与GPT-2标记器一样,这个标记器保留空格并将其替换为特定的标记(_),但T5标记器只拆分空格,而不是标点符号。还要注意的是,它默认在句子的开头(Hello之前)添加了一个空格,并忽略了areyou之间的双空格。

Now that we’ve seen a little of how some different tokenizers process text, we can start to explore the underlying algorithms themselves. We’ll begin with a quick look at the broadly widely applicable SentencePiece; then, over the next three sections, we’ll examine how the three main algorithms used for subword tokenization work.

现在我们已经了解了一些不同的标记器是如何处理文本的,我们可以开始探索底层算法本身了。首先,我们将快速了解广泛适用的SentencePiess;然后,在接下来的三节中,我们将研究用于子词标记化的三种主要算法是如何工作的。

SentencePiece

SentencePiess

SentencePiece is a tokenization algorithm for the preprocessing of text that you can use with any of the models we will see in the next three sections.
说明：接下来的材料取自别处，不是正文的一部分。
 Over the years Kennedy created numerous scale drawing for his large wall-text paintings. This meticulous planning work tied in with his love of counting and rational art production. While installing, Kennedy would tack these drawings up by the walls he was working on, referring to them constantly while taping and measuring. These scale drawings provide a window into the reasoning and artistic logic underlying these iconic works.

It considers the text as a sequence of Unicode characters, and replaces spaces with a special character, . Used in conjunction with the Unigram algorithm (see section 7), it doesn’t even require a pre-tokenization step, which is very useful for languages where the space character is not used (like Chinese or Japanese).
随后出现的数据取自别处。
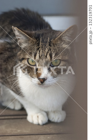 振り向きざまにこっちを見つめる猫
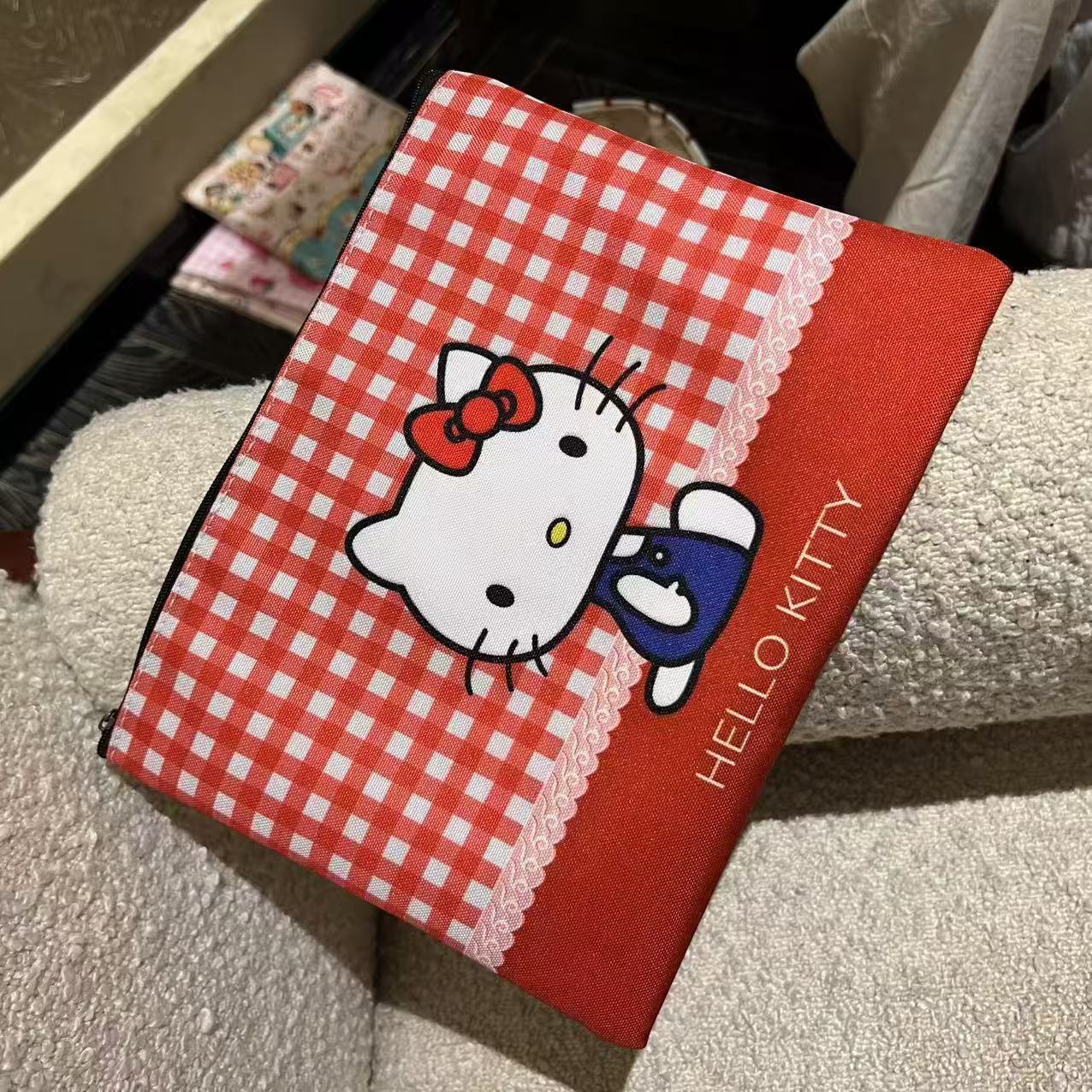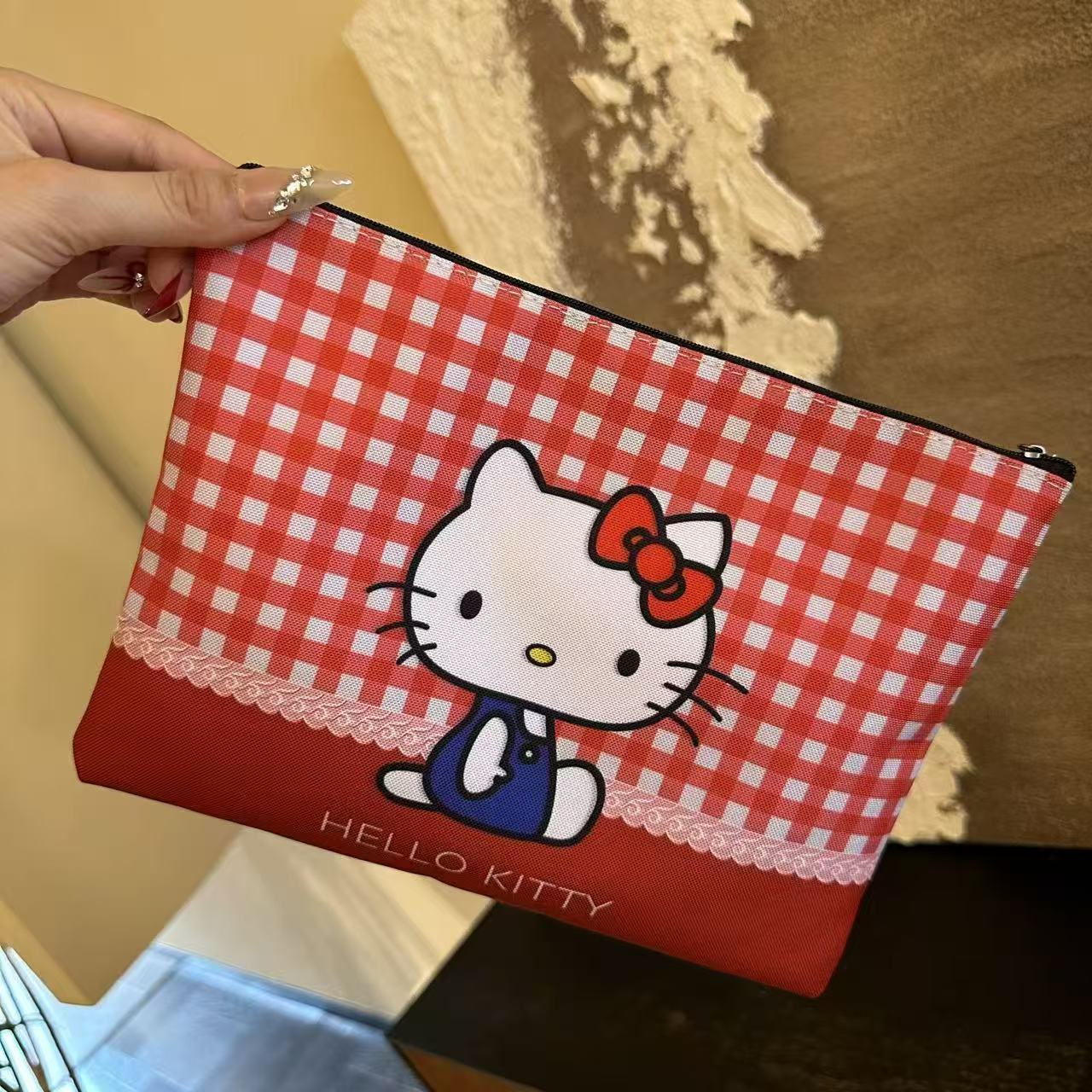 • 红色格子kt化妆包
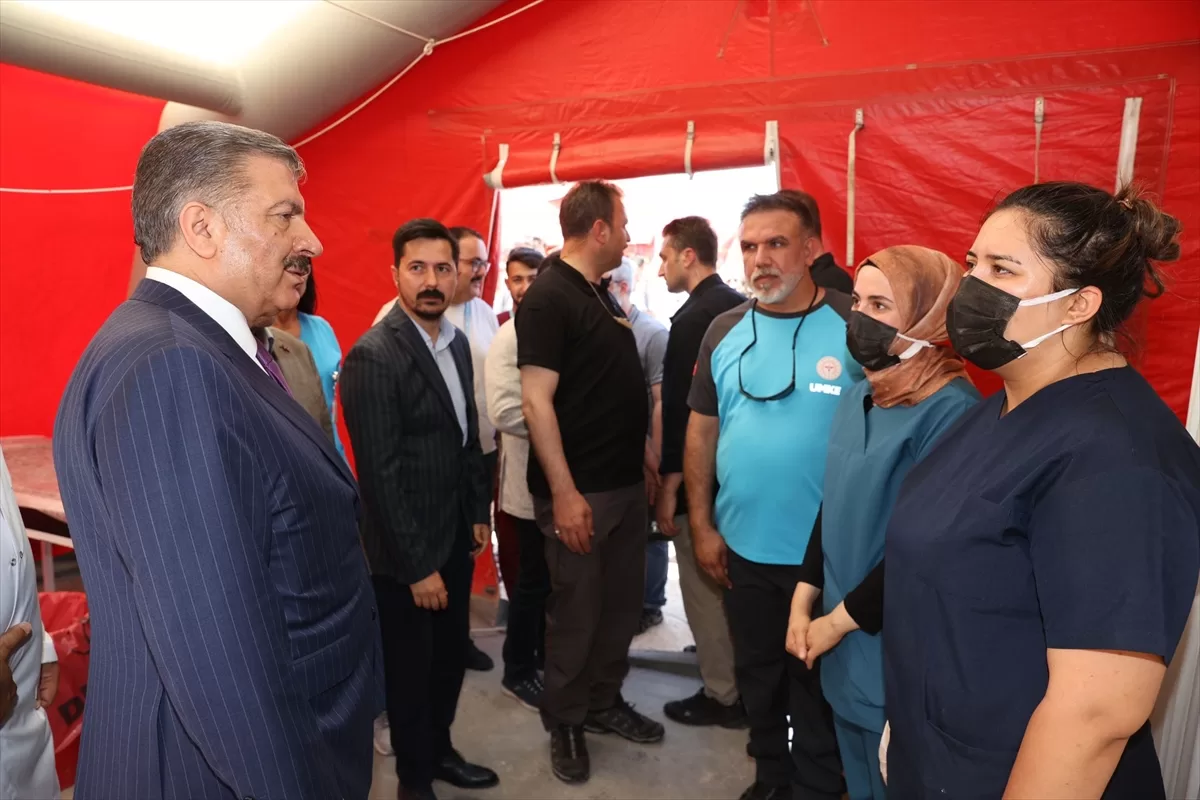 Daha sonra Altınözü Devlet Hastanesi’nin bahçesinde kurulu olan sahra hastanesini ziyaret eden Bakan Koca, hastalarla bir araya geldi.

SentencePiess是一种用于文本预处理的标记化算法,您可以将其与我们将在接下来的三节中看到的任何模型一起使用。它将文本视为unicode字符序列,并用特殊字符替换空格。与Unigram算法结合使用(参见第7节),它甚至不需要预标记化步骤,这对于不使用空格字符的语言(如中文或日语)非常有用。

The other main feature of SentencePiece is reversible tokenization: since there is no special treatment of spaces, decoding the tokens is done simply by concatenating them and replacing the _s with spaces — this results in the normalized text. As we saw earlier, the BERT tokenizer removes repeating spaces, so its tokenization is not reversible.
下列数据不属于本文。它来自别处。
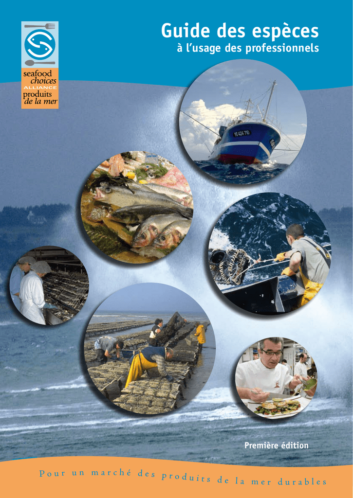 Guide des espèces à l’usage des professionnels Première édition Pour un marché des produit s de la mer durables Sommaire Introduction . . . . . . . . . . . . . . . . . . . . . . . . . . . p. 4 Méthodologie . . . . . . . . . . . . . . . . . . . . . . . . . . p. 6 Consommation . . . . . . . . . . . . . . . . . . . . . . . . . . Questions clés à poser à votre fournisseur . . . . . . . p. 8 p. 14 Fiches espèces Direction de la publication : Elisabeth Vallet Poissons . . . . . . . . . . . . . . . . . . . . . . . . . . . . . p. 16 Rédaction : Marie-Christine Monfort (Marketing Seafood) Anchois - Anguille - Bar - Baudroie - Barbue - Cabillaud - Chinchard - Colin d’Alaska - Congre - Comité de rédaction : Alliance Produits de la mer/Seafood Choices Alliance Daurade et Dorade - Églefin - Empereur - Espadon - Flétan noir et Flétan blanc - Grenadier Grondin - Hareng - Hoki - Lieu jaune - Lieu noir - Limande commune - Lingue franche et Lingue bleue Maquereau - Merlan - Merlu - Omble Chevalier - Pangasius - Perche du Nil - Plie - Raie - Requin - L’Alliance Produits de la mer/Seafood choices Alliance remercie vivement Rouget barbet - Saint Pierre - Sardine - Saumon - Sébaste - Sole - Tacaud - Thon albacore - tous ceux qui ont contribué à cet ouvrage : Hugues Autret (CNPMEM). Olivier Barbaroux. Eric Bernard (WWF). Patrice Besnard (Moulin marée). Charles Braine (WWF). Hubert Carré (CNPMEM). Annie Castaldo (ostréicultrice/CIVAM). Delphine Ciolek (CNPMEM). Christian Decugis (Prud’homie de Saint-Raphaël). Gérard Dehamme (Syndicat des mareyeurs boulonnais). Gilles Doignon (WWF). Benoît Guerin (CCR-S). Thierry Guigue (AGLIA). Nicolas Guichoux (MSC). Patrice Guillotreau (IRD). Béatrice Harmel (CRPMBN). Hollis Hope (SeaWeb). Jérôme Lazard (CIRAD). André Le Gall (Comité local des pêches du Nord-Finistère). Marine Levadoux (CIPA). Tony Lestienne (Chef - La Matelote). Jean-Jacques Lecomte (Auchan). François Marty. Dawn Martin (SeaWeb). Caroline Mangalo (CNPMEM). Stéphanie Mathey (Groupe Carrefour). Philippe Paquotte (Ofimer). Michel Peltier (Ofimer). Sandrine Polti (OCEANA). Dimitri Rogoff (NFM). Aymeric Chrzan (Syndicat des mareyeurs boulonnais). Elisabeth Tempier (Collectif Pêche et Développement). Ifremer (Institut français de recherche pour l’exploitation de la mer). Thon germon - Thon rouge - Tilapia - Truite - Turbot - Produits dérivés. Crustacés . . . . . . . . . . . . . . . . . . . . . . . . . . . p. 104 Araignée de mer - Crevette - Écrevisse - Homard - Langouste - Langoustine - Tourteau. Mollusques . . . . . . . . . . . . . . . . . . . . . . . . . . p. 120 Coquillages : Bulot - Petits coquillages - Coquille Saint-Jacques - Huître - Moule. Céphalopodes : Poulpe - Seiche - Encornet. Crédits photographiques : © Ifremer/Olivier Barbaroux. Sauf © PP11/131 : Elisabeth Vallet. P30 : Sea processors association, Alaska pollock fishery. P33 : Xavier Nicostrate. P42 : NORGE/NSEC/Eiliv Leren. P50-51 : hoki fishery/Nouvelle-Zélande. P53 : Benoît Guerin. PP55/87/109/123(portrait)/ 127(bas) : Marie-Christine Monfort. P56 : Hans Hillewaert. P61 (bas/droite) : Groupe Casino. PP66-67 : Philippe Cacot. P68-96 :Jérôme Lazard. P74 (bas) : Oceana/LX. P77 : Christian Decugis. P82 : NORGE/NSEC/Charmaine Chueng. P98 : CIPA. P99 : NORGE/NSEC/Yvonne Holth. P102 : Julia Roberson. P107 : Joey Brookhart/Seafood Choices Alliance. P117 : Bethany Versoy/V2 Visuals. P126 : P. Legranche. P148 : OSO Élevage de crevettes biologiques, Madagascar. Techniques de pêche et environnement . . . . . . . . p. 138 . . . . . . . . . . . . . p. 144 . . . . . . . . . . . . . . . . . . . . . . . . p. 150 . . . . . . . . . . . . . . . . . . . . . . . . . . . p. 158 Aquaculture et environnement . Cartographie . Conception graphique : Agence G COM Illustrations : Julien Valo Glossaire Copyright © Alliance produits de la mer – Avril 2008. Bibliographie . . . . . . . . . . . . . . . . . . . . . . . . p. 160 Guide 3 des espèces Introduction L En ce début de XXIe siècle, les trois quarts des populations de poissons de la planète sont exploitées au maximum ou surexploitées. es ressources marines ne sont pas illimitées. Nous connaissons aujourd’hui leur grande fragilité face aux modifications de l’environnement et à la pression de la pêche. Plusieurs espèces semblent déjà avoir disparu de la profondeur des océans sous l’effet d’une exploitation humaine trop intense. L’extraordinaire capacité naturelle des espèces marines à se renouveler peut être réduite, voire anéantie, dans le cas de pêches intensives. En ce début de XXIe siècle, les trois quarts des populations de poissons de la planète sont soit surexploitées, soit exploitées au niveau maximum. Plus près de nous, en Atlantique Nord-Est, près de 80 % des stocks sont surexploités et plus de 15 % sont épuisés. Les perspectives de croissance sont bien minces. L’aquaculture, qui représente une part croissante des approvisionnements mondiaux en produits aquatiques, semble offrir une solution. Pourtant, l’examen attentif de ces modes de production plus ou moins assistés met également en lumière les effets néfastes sur l’environnement de certains d’entre eux. Pendant ce temps, poissons, mollusques et crustacés continuent d’avoir la faveur des consommateurs. Au cours des deux dernières décennies, leurs qualités nutritionnelles ont été abondamment et efficacement mises en avant et la consommation croît régulièrement. Comment répondre à la fois à la forte demande en protéines aquatiques de qualité et à la nécessité de préserver la faune halieutique et d’encourager les pratiques durables ? Quelles espèces choisir ? se demandent les professionnels du secteur. Que faire ? Suspendre les achats des espèces en danger ? Les reporter vers d’autres espèces durables ? Quelles sont celles que nous devons épargner et celles que nous devons privilégier ? Données scientifiques L’univer

SentencePiess的另一个主要功能是可逆的标记化:由于没有对空格进行特殊处理,因此只需将它们连接起来并用空格替换`_‘,就可以完成对标记的解码–这会产生规范化的文本。正如我们前面看到的,BERT标记器删除了重复的空格,因此它的标记化是不可逆的。

Algorithm overview

算法概述

In the following sections, we’ll dive into the three main subword tokenization algorithms: BPE (used by GPT-2 and others), WordPiece (used for example by BERT), and Unigram (used by T5 and others). Before we get started, here’s a quick overview of how they each work. Don’t hesitate to come back to this table after reading each of the next sections if it doesn’t make sense to you yet.

在接下来的几节中,我们将深入研究三个主要的子词标记化算法:BPE(由GPT-2和其他人使用)、WordPiess(例如由Bert使用)和Unigram(由T5和其他人使用)。在我们开始之前,我们先简要介绍一下它们各自的工作原理。如果您还不理解,请在阅读完下面的每一节后,毫不犹豫地回到这个表中。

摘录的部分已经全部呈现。